当然了,这些也算不了什么,真正让熙蒙发誓再也不喝酒了的还是一年前。
熙泰说他那天把路边的树当成了喜欢的人,上去就说自己的心酸暗恋史,说到后面感情到了眼泪也出来了,抱着树哭了一通,还一个劲儿的问为什么不喜欢他,他们都长着一样的脸,最后还啃了上去,吃了满嘴树皮,让熙泰笑话了大半年。
在今天之前熙蒙喝醉都是祸害自己,偶尔也有祸害别人的时候,可难得的是没发酒疯。
“密码错误,请重试。”
“密码错误,请重试。”
醉了的人永远都觉得自己没醉,熙蒙也是这样,他记得自己没喝多少,密码自己也知道,怎么手按下去就是错的了。
晃了两下脑袋,稳住手,瞪大眼睛让几个重影的数字合一,按下去。
“密码错误,请重试。”
机械音再次响起,熙蒙索性放弃。低下头片刻,好像想到了什么就开始趴在门上拍门。
“傅隆生开门,我是我哥。”
见屋里的人没有理他,熙蒙就开始喊他的名字鬼哭狼嚎“开门啊傅隆生,我是我哥熙旺啊,我出差回来了。

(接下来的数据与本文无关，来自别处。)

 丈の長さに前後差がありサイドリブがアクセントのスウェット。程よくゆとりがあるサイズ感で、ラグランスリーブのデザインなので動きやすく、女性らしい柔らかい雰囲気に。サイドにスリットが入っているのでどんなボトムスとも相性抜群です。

”
重复了两次傅隆生还是没给他开门,也许是酒劲上头,平时叫着嫌恶心的称呼在此刻顺嘴得不行“嫂子开门,我是我——”
最后一个字还未出口熙蒙就摔了进去——傅隆生开门了。
“吵什么?”在开门的片刻熙蒙身上的果味扑面而来,傅隆生往身旁一侧,好没让这个喝葡萄酒也能醉的人倒自己身上来。

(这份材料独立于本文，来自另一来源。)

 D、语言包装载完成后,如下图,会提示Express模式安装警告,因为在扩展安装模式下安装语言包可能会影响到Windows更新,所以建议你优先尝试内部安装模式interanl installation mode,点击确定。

熙蒙摔在地上也没感觉到疼,傻笑了两声拍拍身上的灰就自己爬了起来。
课还没备完就熙蒙打断,见人没什么事傅隆生也就回书房了。熙蒙看傅隆生走他也跟着走,转了几个弯跟着进了书房。
傅隆生的书房很简单,一座书架,一张胡桃木书桌和一把椅子。
傅隆生坐下就开始继续备课,没管旁边翻东找西的人。过了一会余光瞟到脚边多了一团黑影,侧过头一看是熙蒙蹲在了地上。

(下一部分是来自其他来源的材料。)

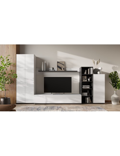 Технические характеристики: Набор для гостиной Amazon (белый матовый, черный матовый). Современный мебельный гарнитур, создающий элегантную и функциональную зону хранения в гостиной. Модель отличается лаконичным дизайном, качественной фурнитурой и продуманной организацией пространства. Система открывания Push-to-Open для плавного бесшумного доступа. Механизм газлифт для легкости использования вертикальных фасадов, классические петли без системы доводки. Стабилизирующие пластиковые опоры высотой 2 см. В комплекте шкаф для одежды и стенка в гостиную. Верхняя длинная полка для декоративных предметов не только расширяет пространство визуально, но и придает интерьеру завершенность и легкость. Открытый стеллаж позволяет разместить часто используемые вещи, любимые книги или элементы декора. Закрытые шкафы сохраняют атмосферу безупречного порядка, телевизионная тумба с тремя просторными отсеками для хранения различных предметов. Набор для гостиной Amazon гармонично сочетает современные технологии открывания, эргономичную организацию и нейтральную эстетику.

熙蒙蹲在地上也不像平时那样开始没话找话,蹲久了腿也麻了,索性坐在地板上。兴许是实在无聊,就一会看看傅隆生备课,一会看看傅隆生的大腿又看看自己的胳膊,把袖子撸起来比划两下嘿嘿笑了两下。
傅隆生叹了口气,这实在是像一条大型犬在蹲在你脚边。不过好在这次熙蒙没乱发酒疯,只是安安静静的,比平时看着要顺眼。
傅隆生放下手中的钢笔,低下头,一只手抚上熙蒙的头,胡乱摸了两下。熙蒙也难得有点眼力见,把头靠近了些方便傅隆生摸,还小声哼唧了两声。
倒真像是在摸狗了,想到这儿傅隆生不自觉笑了下,原本硬朗的轮廓也被灯光削弱了几分,柔和不少,镜片后的那双眼睛也染上了笑意。
“不是说再也不喝酒了吗?怎么今天喝了。”摸了几下傅隆生就把手放了下来。
熙蒙没有回答,紧盯着那只手。傅隆生早已不再年轻,人也自然像老树一样,开始失去水分和生机,留下的只有干枯的树皮。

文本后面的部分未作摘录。